To address our ecological crises-their name is legion-we have to make changes in our economy, our means of production, our patterns of consumption, our treatment of wastes. We need more local production and consumption. We need more train and transit travel fewer miles driving to work on the Don Valley Parking lot, far fewer transports on the 401. We need much less globalization which burns huge amounts of hydrocarbons to extract raw materials wherever they can be bought cheapest, then burns more fuel to move those materials half-way round the earth to find the cheapest labor and laxest environmental laws, then burns more fuel to send those products to markets all over the world. The winners in this process are world's richest two hundred people and biggest corporations; the losers the world's workforce along with our earth, air, and water.

To halt this race to the bottom requires significant changes. To make them, we have to create a confident society in which people do not fear change. In the rich world, our politicians have nearly abolished the "new deal" and the postwar welfare state to create an "ill fare state" like that we knew before WWI. This reactionary transformation makes the workforce insecure, unconfident, and fearful of change. When the necessity of reducing greenhouse gases was first raised, corporate spokesmen shouted-and threatened-"that will cost jobs and money." CEOs plan endlessly to downsize workforces, reduce wages, and to move production to the third world much of which is becoming a nineteenth century style industrial ill fare state. But at home the CEOs warn the workforce that change will ruin them. We have to restore the social welfare state thoroughly enough that saving the environment doesn't ruin people who work for a living. After all, if you give people the choice of ruin later on and ruin right now, they'll always opt for ruin later.

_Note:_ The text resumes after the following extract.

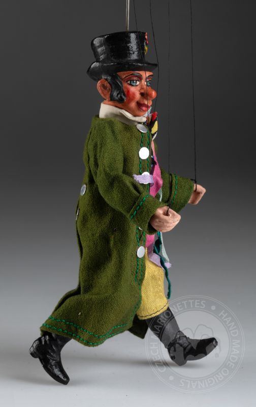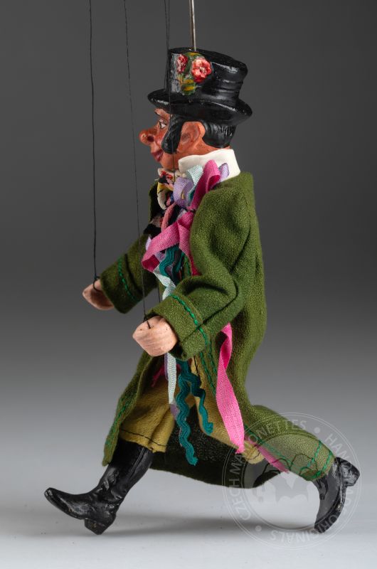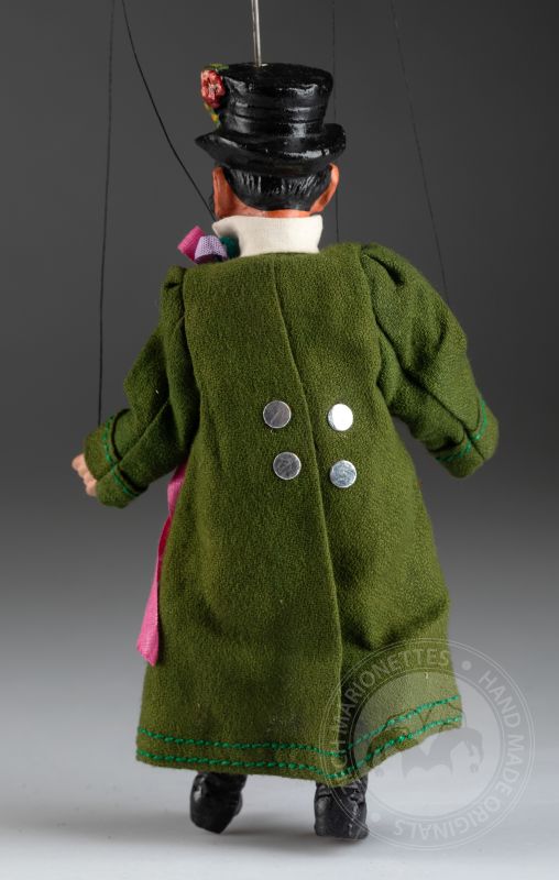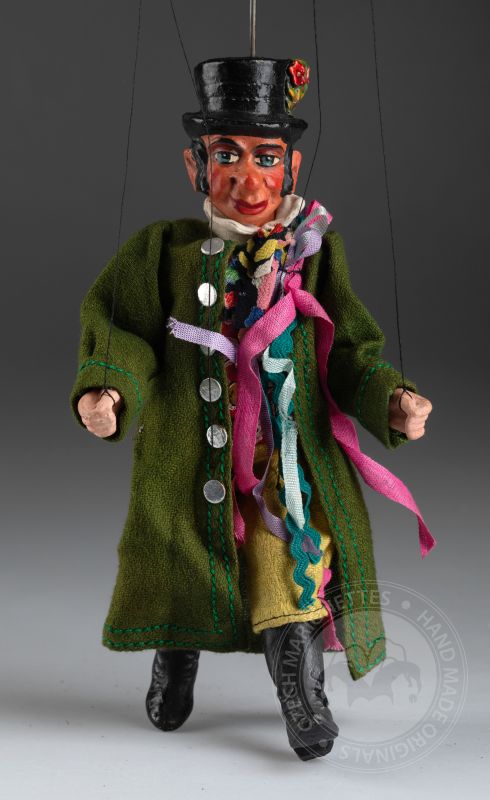 Cette marionnette antique du cocher est un superbe exemple du théâtre de marionnettes tchèque traditionnel, mêlant histoire et artisanat méticuleux. Le cocher est vêtu d'un manteau vert frappant, orné de détails brodés à la main et de rubans colorés, ajoutant une élégance unique et une touche ludique à la marionnette. Son haut-de-forme noir avec un motif floral sur le côté complète parfaitement son personnage et souligne son rôle de maître du carrosse.

We have to change the object of our national financial policy from one of planned and targeted rates of unemployment (keeps wage bills down, lets profits rise) to an objective of full employment without runaway inflation. It can be done: in the last war, the military aside, we produced and consumed less, shared what we produced and consumed more equitably than ever before, and came through a great crisis. We can do it again without the vast military production that won WWII, but we can't handle our current crises without actually making changes including changing the colour of our parliament in Ottawa from Red and Blue to Green.